Following this, the Ministry of Justice asked the Law Commission to undertake a more detailed analysis of the current law as it applies to smart legal contracts. The report would need to highlight any uncertainties or gaps, and identify any present or future further work that may be required.
As stated above, the Commission concluded that no changes were needed to existing primary legislation. In their words,
“Current legal principles can apply to smart legal contracts in much the same way as they do to traditional contracts, albeit with an incremental and principled development of the common law in specific contexts.”
Their report discusses the actual technology behind smart contracts in extensive detail, highlighting the different types of smart legal contracts that can be formed, (such as “Natural language contract with automatic performance by code”) and a comparison of those types, as well as examples of use cases.

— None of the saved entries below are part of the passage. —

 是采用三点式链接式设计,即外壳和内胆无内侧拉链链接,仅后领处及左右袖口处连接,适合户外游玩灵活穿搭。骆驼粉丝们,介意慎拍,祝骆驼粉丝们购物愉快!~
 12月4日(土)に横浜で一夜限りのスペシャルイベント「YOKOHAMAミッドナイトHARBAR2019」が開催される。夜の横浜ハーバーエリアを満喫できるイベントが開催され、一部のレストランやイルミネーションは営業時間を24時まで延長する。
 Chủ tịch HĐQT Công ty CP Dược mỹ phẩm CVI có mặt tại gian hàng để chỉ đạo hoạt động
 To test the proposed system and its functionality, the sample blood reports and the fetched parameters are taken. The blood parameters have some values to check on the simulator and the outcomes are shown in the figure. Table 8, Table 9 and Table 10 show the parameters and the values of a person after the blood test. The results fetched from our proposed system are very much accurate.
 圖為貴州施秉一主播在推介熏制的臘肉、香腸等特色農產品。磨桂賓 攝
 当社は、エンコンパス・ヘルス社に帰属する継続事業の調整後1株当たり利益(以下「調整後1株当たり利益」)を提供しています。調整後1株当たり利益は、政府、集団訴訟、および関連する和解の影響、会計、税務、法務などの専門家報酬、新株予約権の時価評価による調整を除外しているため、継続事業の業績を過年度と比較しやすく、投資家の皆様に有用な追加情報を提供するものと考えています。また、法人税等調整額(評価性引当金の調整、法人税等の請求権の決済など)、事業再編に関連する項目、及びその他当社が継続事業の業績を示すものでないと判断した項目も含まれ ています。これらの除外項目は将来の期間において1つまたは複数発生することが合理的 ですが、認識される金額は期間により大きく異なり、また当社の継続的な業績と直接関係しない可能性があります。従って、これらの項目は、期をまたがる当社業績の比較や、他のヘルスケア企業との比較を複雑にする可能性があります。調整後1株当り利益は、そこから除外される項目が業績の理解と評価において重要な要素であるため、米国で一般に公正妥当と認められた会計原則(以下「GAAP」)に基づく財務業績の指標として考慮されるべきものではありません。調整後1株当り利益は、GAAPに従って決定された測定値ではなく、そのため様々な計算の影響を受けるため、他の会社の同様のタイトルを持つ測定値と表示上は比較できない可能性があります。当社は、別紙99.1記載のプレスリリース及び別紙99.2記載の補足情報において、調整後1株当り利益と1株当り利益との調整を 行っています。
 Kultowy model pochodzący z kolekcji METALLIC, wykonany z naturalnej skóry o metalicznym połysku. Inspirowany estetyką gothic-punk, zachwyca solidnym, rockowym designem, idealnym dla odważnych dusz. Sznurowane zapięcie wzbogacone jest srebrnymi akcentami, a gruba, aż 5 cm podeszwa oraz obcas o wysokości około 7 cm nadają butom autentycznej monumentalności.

In practice, smart legal contracts are currently being considered and used in the context of:
In terms of process, the Law Commission expect that parties to the contract will, in many cases, “engage in natural language negotiations with a view to reaching an agreement on the terms of their bargain.” Following this, they will engage a developer (if required) to “procure a piece of code which defines or performs some or all of those contractual obligations.” But prior to actually commencing drafting of the contract (whether in natural language or code) it is also crucial that the parties “conduct a rigorous planning phase”. It was emphasised that “collaboration between lawyers and coders is key” and that the parties should be clear as to what the goals and business requirements are before relying on that code to enforce performance towards those goals.
When considering which elements of the contract can be coded, versus those that should remain in natural language, the Law Commission’s consultees said that it would depend upon the obligation. The nature of a limited liability clause, for example, would render it difficult to be translated into code, as this is considered a high-risk area for clients that often leads to negotiation. Conversely, a standard boilerplate clause, such as a severance or variation clause, would be far easier to code as they are usually drafted with the same or very similar wording and have less of an impact on the performance of the contract overall.
Although these contracts will undoubtedly raise more questions along the way as they are deployed in practice, the Commission are confident that common law can evolve to accommodate them in a way that is reliable and understandable for businesses and their legal teams. At Stephenson Law are certainly willing to embrace new ways of working and would champion clients that wish to trial these coded contracts. It’s a learning curve for everyone, but with an increasing number of consultations being conducted by the likes of the Law Commission (and other regulatory and legal bodies) we are starting to form a framework of guidance to follow in this brave new (coded) world.